Entre pleurs et déni

« Tout s'effondre », admet Alice qui intime à son mari de ne pas pleurer avant de recevoir le diagnostic officiel. Une foule de questions s'abat sur la jeune femme, alors âgée de 26 ans : « Pourquoi ça tombe sur nous ? Vais-je devoir arrêter de travailler ? Que va devenir ce bébé ? A quoi ressemblera sa vie ? Va-t-il subir du harcèlement, des moqueries ?... ». Si Alice entre dans une forme de déni, Vincent se réfugie dans les pleurs alors que leurs proches sont  sur le seuil de la maternité pour rencontrer le nouveau-né. « On ne répondait à personne », se souvient Alice. Le lendemain, deuxième coup de massue : la suspicion de trisomie 21 est confirmée. « C'est un tsunami émotionnel », raconte la jeune mère qui peine à prendre Isaac dans ses bras et se surprend, honteusement, à le trouver laid. 

Un stress post-traumatique

Huit ans après la naissance de Louise, Caroline Boudet parvient encore difficilement à raviver le souvenir de cette même annonce. Ce sont « les yeux gonflés » de sa fille qui l'alertent en premier. Malgré une visite rassurante de la pédiatre juste après l'accouchement, notifiant une absence de signes extérieurs de trisomie 21 (hypotonie, pli palmaire transverse unique), Caroline, inquiète, insiste pour des examens approfondis. Après une prise de sang avec caryotype, le diagnostic tombe, comme une déflagration. « Je me revois dans la chambre de la maternité, avec mon mari et notre fils aîné. J'ai vu la pédiatre et la sage-femme, leurs deux visages, puis j'ai compris ». Comme Alice, Caroline est submergée par une multitude d'interrogations qu'aucune réponse ne parvient encore à apaiser.  « Je l'ai su plus tard mais j'ai vécu ce qu'on appelle un 'phénomène de dissociation', lié à un syndrome de stress post-traumatique », explique-t-elle. Passé le choc, elle entame un processus de « deuil de l'enfant idéalisé » et du monde qu'elle avait imaginé pour lui. Elle bénéficie pour cela d'un soutien psychologique proposé par la maternité et de la bienveillance de ses proches. « Je ne connaissais aucune personne trisomique, j'en avais une représentation négative », se souvient la jeune mère, qui ressent alors « énormément de culpabilité ». Peur de ne pas être capable d'aimer son enfant, peur du regard des autres, peur de l'avenir… « Or, par la connaissance, la peur s'efface », reconnaît Alice Drisch.

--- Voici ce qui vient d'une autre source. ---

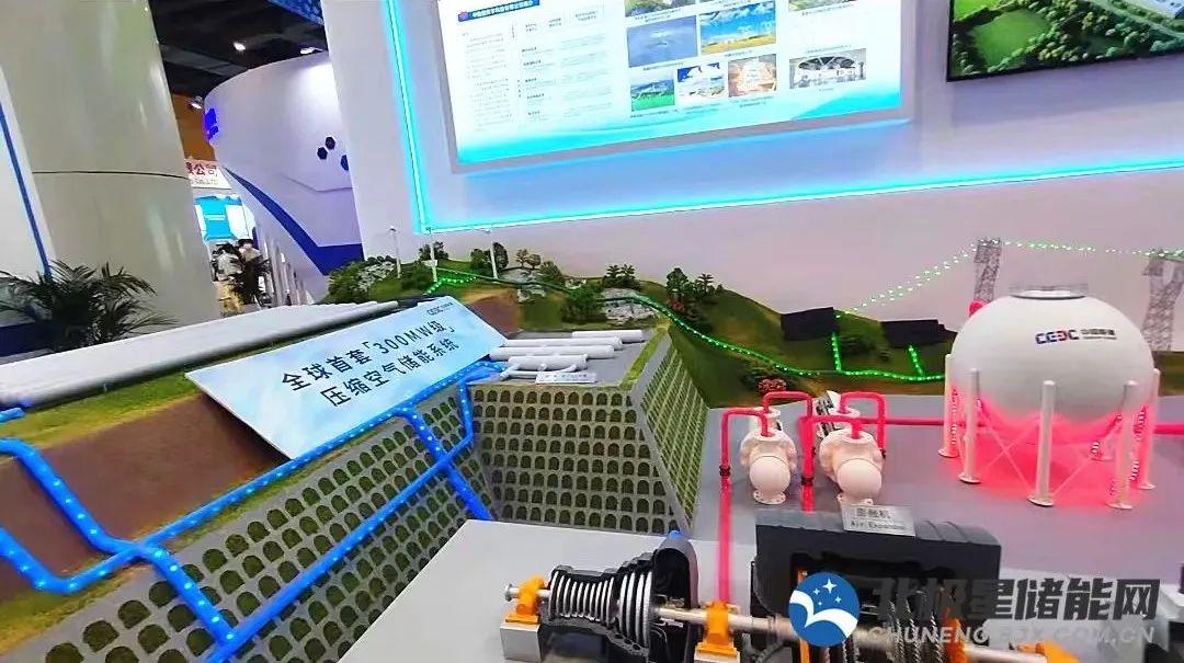 嚴格意義上來說,二氧化碳屬于一種氣體為介質(zhì)的儲能技術(shù),而選中氣體儲能技術(shù)路線的還有中國能建,其“全球首套300MW級壓縮空氣儲能系統(tǒng)”沙盤,成了清潔能源裝備展會熱門打卡點之一。據(jù)了解,中國能建目前已有多個300MW級壓縮空氣儲能項目正在有序推進。

Une « désinformation » du corps médical

Et cette peur est, selon elle, entretenue par une « désinformation », notamment au sein du corps médical. Si l'image du handicap a globalement « positivement évolué ces dernières années », l'annonce du diagnostic n'en reste pas moins encore une douloureuse épreuve pour les parents. « Il existe des procédures médicales pour annoncer le diagnostic », rappelle Bernadette Céleste, membre du conseil d'administration de trisomie 21 France, notamment des recommandations de la Haute autorité de santé (HAS) qui a publié en 2020 un Protocole national de diagnostic et de soins (PNDS). « Il est fortement recommandé que l'annonce soit réalisée en binôme, par le prescripteur de l'analyse génétique et un médecin généticien, et si possible en présence d'un(e) psychologue et des deux parents. Il est bien entendu hautement souhaitable que la personne qui fait l'annonce ait une expérience directe des personnes avec trisomie 21 », peut-on lire dans ce document officiel, normalement fourni aux professionnels concernés (gynécologue-obstétricien, sage-femme échographiste, généticien, pédiatre, psychologue…). Or c'est là que le bât blesse, selon Alice Drisch. « Le personnel médical ne nous a apporté aucune connaissance. Un pédiatre m'a même confié qu'en douze ans d'études il a bénéficié d'une seule après-midi de formation sur le handicap », poursuit-elle. Outre les connaissances techniques, le choix des mots employés est essentiel, « puisque c'est ce que vont retenir les parents à l'instant T », ajoute Bernadette Céleste.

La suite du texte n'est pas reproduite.